二人の少女に連れられた少年の顔は、次第に青めていった。


最初は美女二人からの誘いで期待に溢れていたが、今は真逆。

星丘高校、暗い空き教室。



「それは……その……」

「なあ言ってみなよ。リオの事、男遊びしてるビッチだって」

「ひ、柊さんは違——」

「なんだそれ」

「ひっ!?」



柊の、教室では決して出ない低い声に。

情けない音を出す彼は——既に自分の行動を悔いていた。



「おい莉緒。そろそろ良いだろ」

「……はぁ。んじゃ君、二度ととーまちの事で変な噂流さないでね」

「は、い……」

「噂も撤回する様に。じゃ行こ、苺」

「ああ」



次なる二人の目的地は、職員室。

その足取りは重い。





「アレから連絡は来てないわね。きっと寝てるわよ」


「……そうですけど」

「……」



職員室、彼女達の担任の声を聞く二人。



「ふふっ、この質問3回目なのよね。そんなに心配だったかしら」


「え」

「椛さんと、如月さんと初音さんからも聞かれたわ。ほんの軽い“頭痛”だけらしいから、そんなに心配しなくていいわよ」


「……そうですかね」

「……ありがとうございました」


「? ええ」


ほんの少し歯噛みをして、二人は職員室から出る。

莉緒はため息を吐いた。


担任との食い違いを感じたから。

その“頭痛”の理由が問題なのだ。



《——「俺に、話しかけないで」——》



彼女の耳から離れないのだ。

その、低い彼の声が。


——バタン。

職員室から出て、二人は歩く。



「アタシが東町と距離を置くなんて言わなければ、こうはならなかったよな」

「そうだね」

「……スマン」

「謝る相手が違うし、リオも甘く見過ぎてた。

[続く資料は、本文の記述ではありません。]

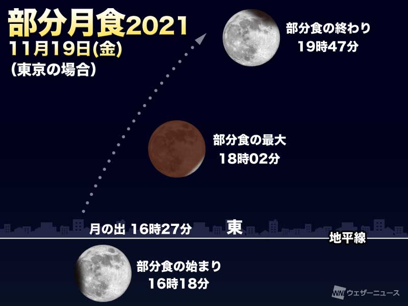 ~ 2021年11月19日の月食の様子 Java scriptの関係で上の図が見られない場合はこちら 中央の円は月の位置に於ける地球の影を示しています 月自体が左下に移動するのは月の公転により起こるものです 背景の星が西から東へゆっくり移動して見えるのは. 部分月食とはいえ 月の殆ど978パーセントが欠ける皆既月食に近い月食 です 5月に見逃した方は是非11月に また 2021年11月19日金 の部分月食は月出帯食になります 月食帯食げっしょくたいしょくとは 月が出る前か. as we know it lately has been searched by users around us, maybe one of you personally. Individuals are now accustomed to using the net in gadgets to view image and video data for inspiration, and according to the name of this post I will discuss about 11月19日金の夕方から宵にかけて日本全国で部分月食が見られます 月食は太陽地球月が一直線に並ぶ時に起こり月が地球の影に.
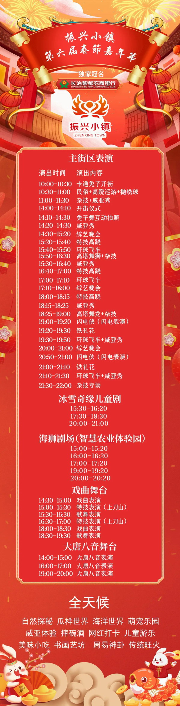 振兴小镇位于长治市上党区振兴村境内,2018年12月29日成功获评为国家4A级景区,是一处融休闲娱乐、民俗体验、度假养生、农艺体验为一体的乡村旅游度假胜地。春节期间(正月初一至正月十六),振兴小镇举办第六届春节嘉年华,推出45项文化活动带游客一起感受传统特色中国年。
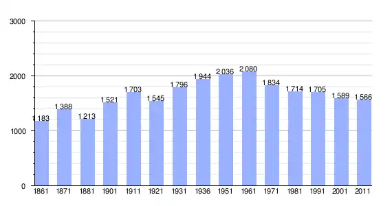| Variação demográfica do município entre 1861 e 2011[3] |
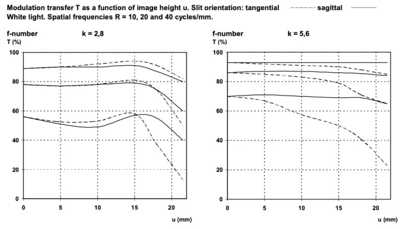 So good is the lens, its MTF (modular transfer function) chart shows there is little improvement to stopping down. Contrast is excellent both wide open and stopped down, with resolution improving and flattening out slightly by f/5.6. As you can see, there is some astigmatism as you move away from the center, likely due to residual spherical aberration. Keep in mind, Zeiss publishes measured MTF charts, not theoretical MTFs — something that no other manufacturer does.
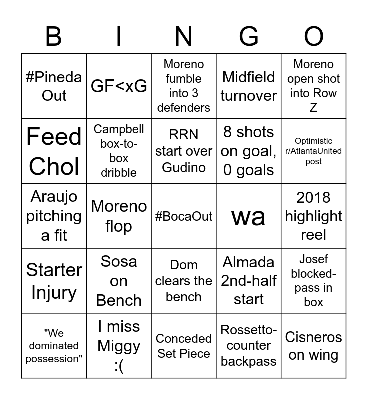 This bingo card has a free space and 24 words: Sosa on Bench, I miss Miggy :(, RRN start over Gudino, "We dominated possession", Moreno open shot into Row Z, #Pineda Out, Feed Chol, GF<xG, wa, Dom clears the bench, 8 shots on goal, 0 goals, Araujo pitching a fit, Almada 2nd-half start, Josef blocked-pass in box, Campbell box-to-box dribble, Rossetto-counter backpass, 2018 highlight reel, Moreno fumble into 3 defenders, Optimistic r/AtlantaUnited post, Moreno flop, Cisneros on wing, Starter Injury, Midfield turnover and Conceded Set Piece.

リオも悪い」



(水曜の時点で、彼に気付くべきだった)



思えばヒントは散らばっていたのだ。

何度も兆候はあった。

まさかここまで追い込まれているとは、予想出来なかった――その後悔は何度目か。



――ガララララ。


2-A教室。


彼女達がそこに戻った時、ほぼ男子全員は不機嫌そうな柊を見て怖気づいていた。

“次は自分じゃないか”、なんて。



「……はぁ」



(つまんない男ばっか)



また彼女はため息を吐いて――瞬間。


ピコン、と着信音。



「えっ」

「莉緒も来たか?」




リオ☆『とーまちー大丈夫?』


東町一『ありがとう 大丈夫だよ』




彼女がスマホを見れば、着いた返信。

彼からのそれ。

朝から、全く音沙汰なしだったが……。



「ど、どうしよ……なんて打つ?」

「普通に聞きゃ良いんじゃねーか」

「いやいや! 地雷踏んだらヤバいじゃん!」

「そうか?」

「そうだよ!」

「……ま、待ってるぞ……とかか?」

「それ逆に来づらくなるやつ!」

「どうしろってんだ……」

「わかんない!!」



キーンコーンカーン――



「って予鈴なった――ってもうアレだよね!?」

「ダンスの発表だな」

「わーもーまともに踊れないよ!」



慌ただしく、彼女達は鞄を手に更衣室まで走っていく。



(返信来たって事は、嫌われてないよね?)



その疑問は、未だに晴れる事は無いが。

彼女達の表情は――着信前より、ずいぶんと明るくなっていた。








▲作者あとがき


お察しの方もいるかもしれませんが

イッチが峠を越えたので、更新スピードはゆっくりになってます。

毎日更新は変わりませんが。一気に6話はやり過ぎた。


でも今日はもう一話投稿します!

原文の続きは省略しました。